Tip: Tear off the first page with its numbered part diagrams so you can refer to it regardless of what page of the instructions you are on.
That is a real spring in the photo. The saddle spring is real too and there is even a spring for the main rectangular stand. I should really have painted the nuts and bolts in a bare metal colour first, but it was not a problem to retouch it after assembly.
The only fault I found – assuming I did not cause it somehow – is that the front curved section of the exhaust pipe did not quite reach from the cylinder port to where it attaches to the silencer segment. I filed away some plastic from the inside of its curve where it goes under the crank case, which mostly solved the problem.
The chain is a ring of flexible PVC or a similar material. You put it over the rear sprocket, and then fit the back wheel to the frame using the (plastic) axle. Then you extend the chain out of its natural circular shape and fit it over the small front chain-wheel on the inside of the left engine cover before gluing that cover in place, which stretches the chain into its realistic tensioned shape. Not easy!
Tip: Lubricate the axles with soap or similar. They are a push fit and you might need to pull the rear one out if, for example, you insert the wheel into the frame without first putting the chain on.
The rectangular stand – attached to the bike – has a real spring with an over-centre effect that actually works – in principle… In other words, with the bike on its wheels, the spring holds the stand in its retracted position. With the bike on the stand, the spring holds the stand down and the rear wheel off the ground. However, I found that the stops are inadequate (possibly I misaligned something) as a result of which it does not work as a stand. Fortunately, the side stand does work. It is not spring loaded, but it has a tiny clip to hold it to the seat stay and its stops restrict its rotation in two dimensions, so it actually works exactly like the real thing.
I suspect that, if you only glue the nuts in place when assembling the fork, the front suspension would work too. However, I found it taxing enough just to assemble it with everything glued.
Some of the cable length, colour, and routing instructions are comprehensive, while a few involve guesswork or some knowledge of motorcycle hardware of the era. (You would not believe how many little levers there are on the handlebar, all connected via cables to – somewhere…) Some are reasonably guessable, such as the cable from the battery to the headlight.
The bike kit comes with a Sten gun, complete with flexible strap (PVC, I think). It complements the tank girl’s side-arm in case she has to dispatch a whole gang trying to take advantage of her.
For painting the bike, I used mostly acrylics. Exceptions are small things like the copper pipes on the right side from the oil tank to the bottom of the crank case, for which I resorted to my larger collection of enamel paints.

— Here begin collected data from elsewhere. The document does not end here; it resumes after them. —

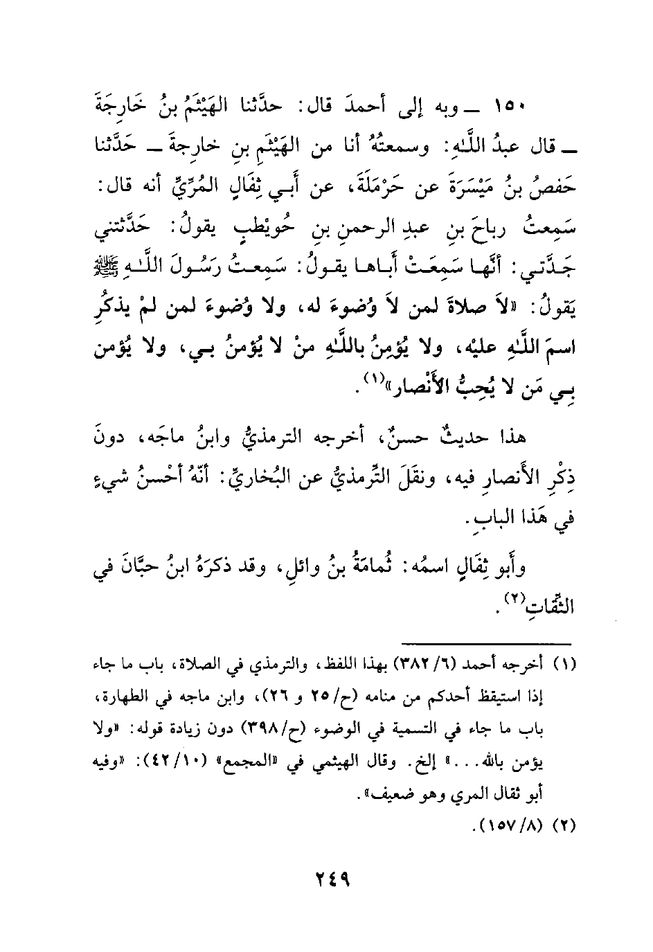 150- وبه إلى أحمد قال: حدثنا الهيثم بن خارجة -قال عبد الله: وسمعته أنا من الهيثم بن خارجة- حدثنا حفص بن ميسرة عن حرملة، عن أبي ثفال المري أنه قال: سمعت رباح بن عبد الرحمن بن حويطب يقول: حدثتني جدتي: أنها سمعت أباها يقول: سمعت رسول الله صلى الله عليه وسلم يقول: ((لا صلاة لمن لا وضوء له، ولا وضوء لمن لم يذكر اسم الله عليه، ولا يؤمن بالله من لا يؤمن بي، ولا يؤمن بي من لا يحب الأنصار)).
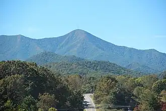 Mount Pisgah is a mountain in the Appalachian mountain range and part of the Blue Ridge Mountains of North Carolina, United States. The mountain's height is 5,721 feet (1,744 m) above sea level, and it sits approximately 15 miles (24 kilometers) southwest of Asheville, near the crossing of the boundaries of Buncombe, Haywood, Henderson and Transylvania counties. It is located on the border of Buncombe and Haywood counties, close to the point where Henderson and Transylvania meet them, but not actually within the latter two counties. The mountain is easily accessible via a hiking trail from the Blue Ridge Parkway, near the Pisgah Inn.
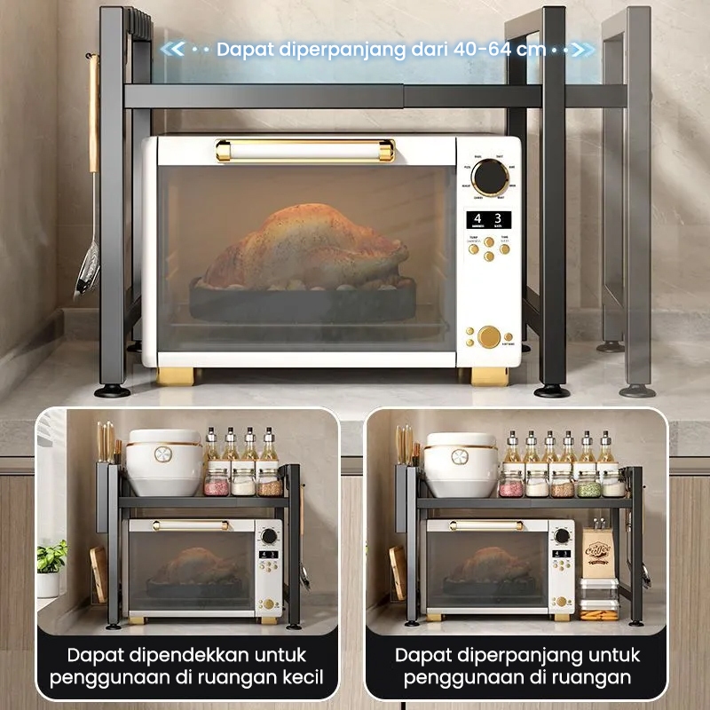 Rak Microwave Oven Rak Bumbu Dapur Rak Penyimpanan Serbaguna Portable Rak Panci Rak Rumah Tangga Dapat Diregangkan

The kit comes with decals for several machines at various stages of the war.
The dense plastic is much the same colour as my chosen finish, so I do not notice where I forgot to paint the olive drab bits.
Building this kit taught me something that I sort of knew already and I find it a bit disturbing. It is that there was something radically primitive about the engineering design of motorcycles of this era. (Even my first trials bike, a 250cc Greeves of the 1960s, incorporated design elements that no rational mind would include on a trials bike.) It is not just that this or that component shows signs of being added as an afterthought. It is as if everything, from the bottom up, has been added as an afterthought. (See Engineering development then and now by guest contributor Jonathan H for more on that subject.)
As some experts on Britmodeller.com pointed out, the cables (flexible black vinyl tube) are overly large diameter. Nevertheless, although it has lots of parts to assemble, this kit represents about the most bang for the buck of any kit I have built to date, perhaps along with the Glencoe Models 1/76th scale Vanguard research rocket (see mine).
Engineering development then and now by guest contributor Jonathan H.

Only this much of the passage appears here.